Los programas de televisión retroalimentan la idea de los arquetipos y etiqueta social. Un claro ejemplo hasta el día de hoy son Los Simpsons, cuyo objetivo claro es burlarse de todos los estereotipos, políticas, religiones, entre otras; todo lo que podríamos considerar seriamente, el programa lo satiriza. Por otro lado, la comunicación masiva tiene un “espejo” muy peculiar; es decir, con una fina sensibilidad a las situaciones de importancia, registra y construye la actualidad.

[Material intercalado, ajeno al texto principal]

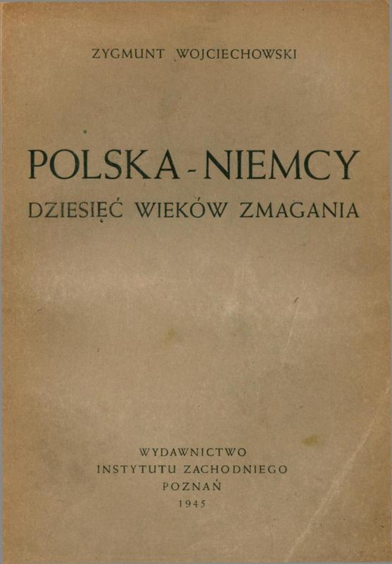 Polska - Niemcy : dziesięć wieków zmagania / Zygmunt Wojciechowski ; z 16 mapkami. - [Wydanie nowe zmienione]. - Poznań : Wydawnictwo Instytutu Zachodniego, 1945 (Poznań : Drukarnia Św. Wojciecha). - 267 stron : mapy ; 22 cm.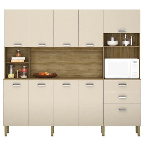 Com um lindo design e ótimo espaço a Cozinha Compacta 10 Portas 2 Gavetas Intensa K02 Freijó/Vanilla, da Mpozenato, será uma aliada no preparo de suas refeições!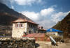 Hotel. Im Hintergrund rechts die Ama Dablam, ganz hinten mit der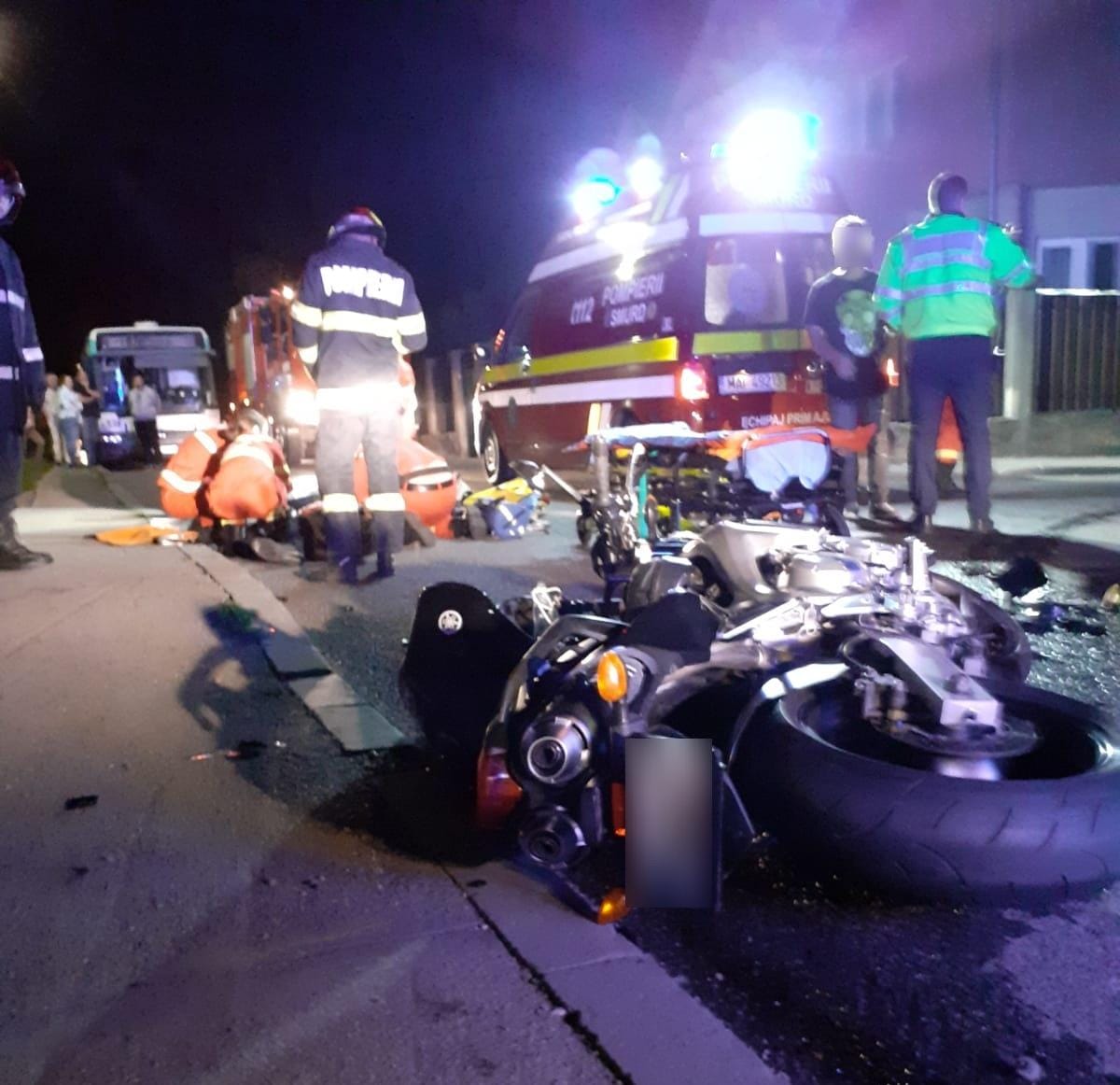 Pompierii sosiți la fața locului au găsit un autoturism și o motocicletă avariate și doi tineri întinși pe jos, în stare de conștiență, cooperanți, dar care suferiseră traumatisme multiple.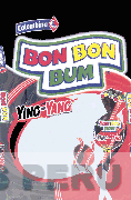 La etiqueta conformada por la denominación BON BON BUM escrita en letras características y dentro de una figura irregular, en la parte superior se aprecia la denominación COLOMBINA escrita en letras características y dentro de un rectángulo, al lado derecho se observa un rombo conteniendo la representación de una media luna y sobre ella una mujer sentada, en la parte inferior se observa la denominación YING-YANG escrita en letras características y las figuras de dos chupetes, uno sin envoltura y el otro con envoltura, en el fondo se aprecian figuras circulares, todo en los colores rojo, blanco, negro, azul, verde y amarillo; conforme al modelo adjunto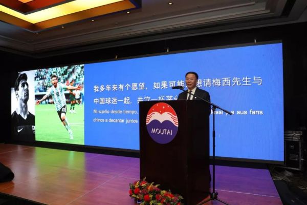茅台集团党委书记、董事长、总经理李保芳在致辞中表示:“除了马拉多纳,我们对阿根廷的印象,还包括遍布中国大街小巷的切·格瓦拉头像文化衫,包括长发飘飘的战神巴蒂斯图塔,当然还有伟大的梅西先生的每一次出场,都让很多中国球迷疯狂。我多年来有个愿望,如果可能,想请梅西先生与中国球迷一起,共饮一杯茅台酒。最好的朋友值得最好的酒。这是我们渴望将茅台酒推介给各位的原因。”
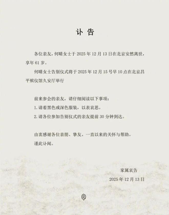2025年12月13日,演员何晴去世的消息震惊了娱乐圈所有人。不料61岁时他就去世了。何晴并不是一个非常暴露的女演员,但她的美貌却让人第一眼就惊艳。她是内地唯一一位在四大经典中扮演古装美女的女演员,至今无人能及。他是1986年版《西游记》中的连连,1989年电影版《红楼梦》中的秦可卿,也是央视《三国演义》中饰演小乔的演员。但最让大众印象深刻的还是1998年央视《水浒传》中温柔美丽的李施施,年轻时的何晴颜值堪称娱乐圈顶级美女。出生于浙江衢州,毕业于浙江歌剧团。 19岁那年,他通过主演《少林居士》正式进入演艺圈。一年后来,《西游记》导演杨洁看到了她,饰演了可爱呆萌的莲莲,也通过在四部热门小说中扮演美人开始了她的成神之旅。娱乐圈里美女不少,但像何晴这样漂亮的却并不多。加上江南女子特有的知性和彬彬有礼,她的身边也不乏追求者。然而,何晴对于爱情却是热情而执着的。他敢爱敢恨,留下两段炽热的爱情。 1989年,何晴参加《少女别动队》,认识了比她大6岁的演员刘伟。当时,刘伟和k被业界公认为“硬汉”。何晴迷恋刘伟任性的性格,两人在拍摄结束前坠入爱河。 1994年中央电视台元宵晚会上,他们一起表演了《元宵节的北京城》,让旁人羡慕他们的炽热爱情。这段感情持续了5年也是何晴公开的第一段恋情。 1995年,何晴在拍摄电影《风与莲》时结识了演员徐亚军。两人因戏相爱,甚至不顾世俗道德的界限。当时,许亚军已经经历了离婚。他仍与第二任妻子张曦结婚,但仍与何晴保持着热烈的恋情。许亚军与妻子摊牌,最终与第二任妻子离婚。离婚后,皮娜克赶紧许亚军对待何晴。两人都算是岩霸选手,长相确实很般配。 2001年,何晴怀孕了。许亚军当时很高兴。何晴怀六甲的时候,许亚军把自己的肚子贴在他的肚子上,听宝宝的胎动。隔着屏幕都能感受到两人的幸福。我以为这种打破道德底线的关系会让他们双方都更加坚强。没想到这段婚姻却以他们的孩子出生后第二年。离婚的原因是何晴无法接受自己背弃了孩子和家庭。每当许亚军出去拍戏,留下何晴一个人照顾孩子时,何晴都感到无助,无法接受这样的生活,于是何晴选择离婚。但离婚后,两人的关系并没有变得紧张。相反,何晴这些年来不仅与许亚军保持着良好的关系,而且与许亚军已经再婚的妻子也保持着良好的关系。她的儿子和继母的关系也很好。他们的儿子徐赫由徐亚军抚养长大。徐鹤2023年毕业于中戏表演系,长得也很漂亮,长得也很帅。 2006年,在拍摄《谁是我爸爸》的过程中,何晴遇到了那个陪她走到生命尽头的男人——廖京生。虽然两人在荧幕上只是一对夫妻,但观众却一直误以为他们是真正的情侣。廖京生本人也曾辟谣,称两人只是好朋友,并非恋人。 2005年何庆患病后,廖京生多次去看望他。也得到好心人士证实,何晴的好友黄绮珊表示,在何晴与癌症抗争的过程中,陪伴在她身边的都是像他们这样的家人和老朋友。廖老师只是偶尔过来送饭,连饭都不吃。或许这正是观众对两人感情的期待,但何晴并没有第二任妻子。这个人已经死了。希望何晴不要再得天病了。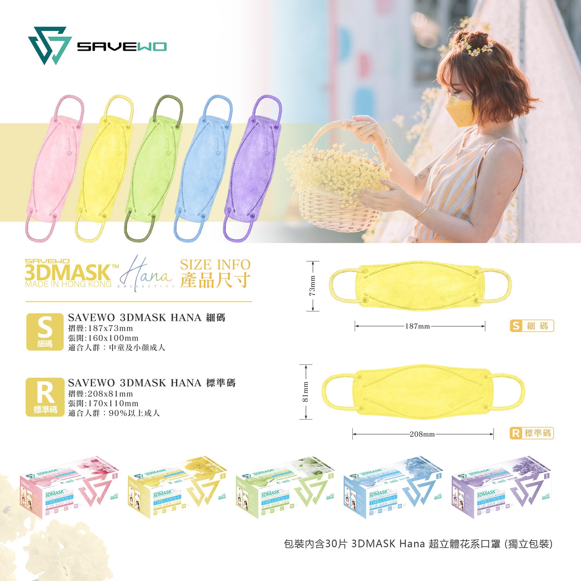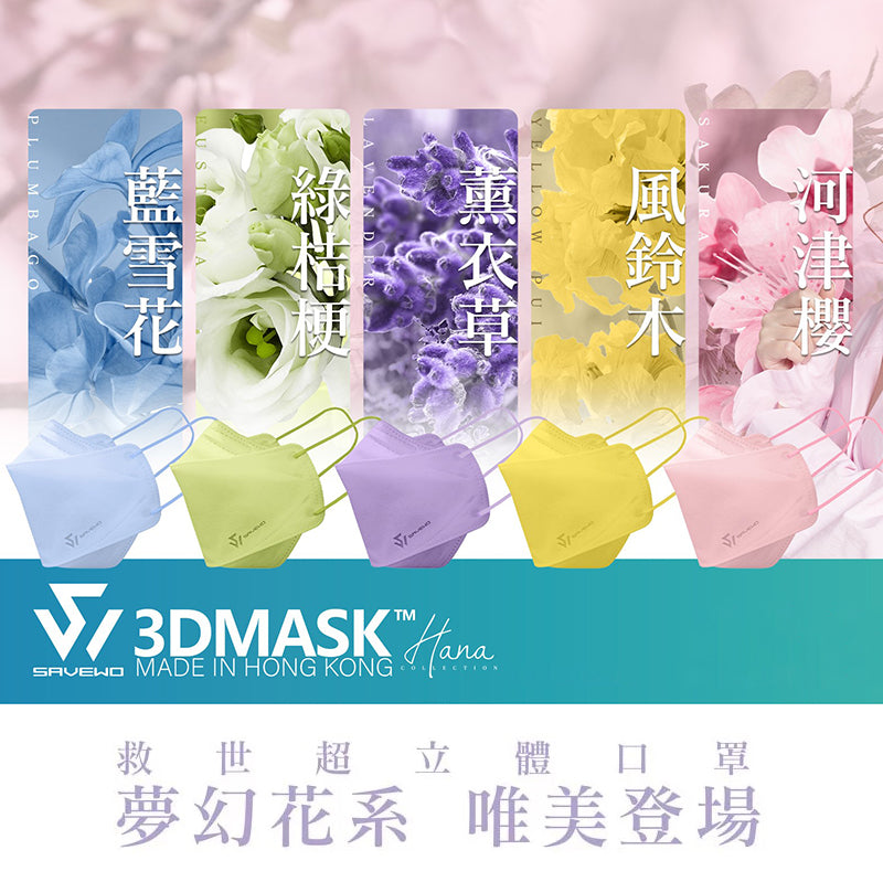 萬象更新,SAVEWO 3DMASK Hana Collection 救世超立體口罩花色系列亦升級登場!全新二代目採用改良的Regular 標準碼立體剪裁,令口罩更立體更舒適,而且配戴後更顯瘦~全新的舒適型耳帶柔軟順滑,加上透氣物料,配戴感受一試難忘。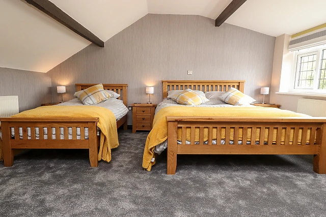 The family bedroom upstairs features a king-size and a single bed, ensuring a restful night's sleep for all.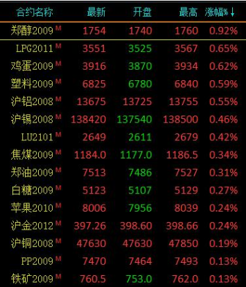 6月23日讯国内期货市场早盘收盘,商品期货大都跌落,甲醇、LPG、鸡蛋、塑料等小幅上涨;豆一跌超1%,玉米、沪镍等小幅跌落。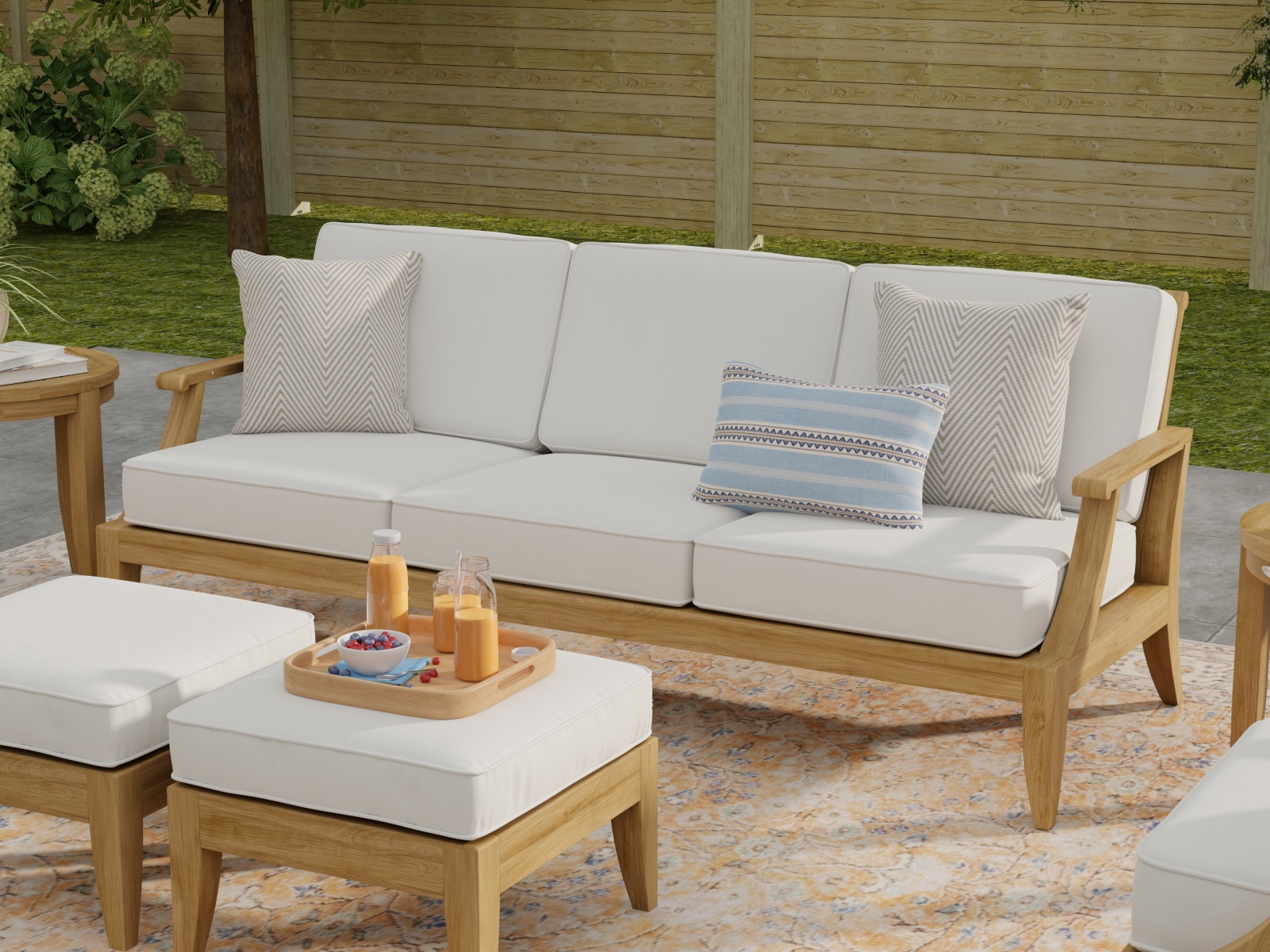Part of the Laguna Collection, uniting classic style with clean architectural lines, the solid teak 3-seater Laguna Sofa has all the features that will make it at home indoors, the veranda, or your garden. Marrying classic style with clean architectural lines, the generously proportioned 3-seater sofa has been thoughtfully designed to include an inside length of 78.8-inches which gives you that “extra room” you’ve always wished you had in sofas.

Los conceptos engloban significancias que acarrean tanto definición enciclopédica – información de manual – como también emociones. Existen con el propósito de facilitar la comprensión de todo lo que nos rodea, pero también acaba con toda posibilidad de “pensar fuera de la caja”. En los Simpsons, cada personaje representa una idea, un estereotipo el cual al final de cada episodio jamás muestra una evolución. Lo que se puede ver con claridad es que satirizar la realidad es aceptarla y entender que podría ser diferente, aunque ¿es eso lo que realmente provoca? Muchas veces se termina imitando tal cual son los arquetipos reproducidos en televisión sin considerar que son sólo personajes ficticios hiperbolizados.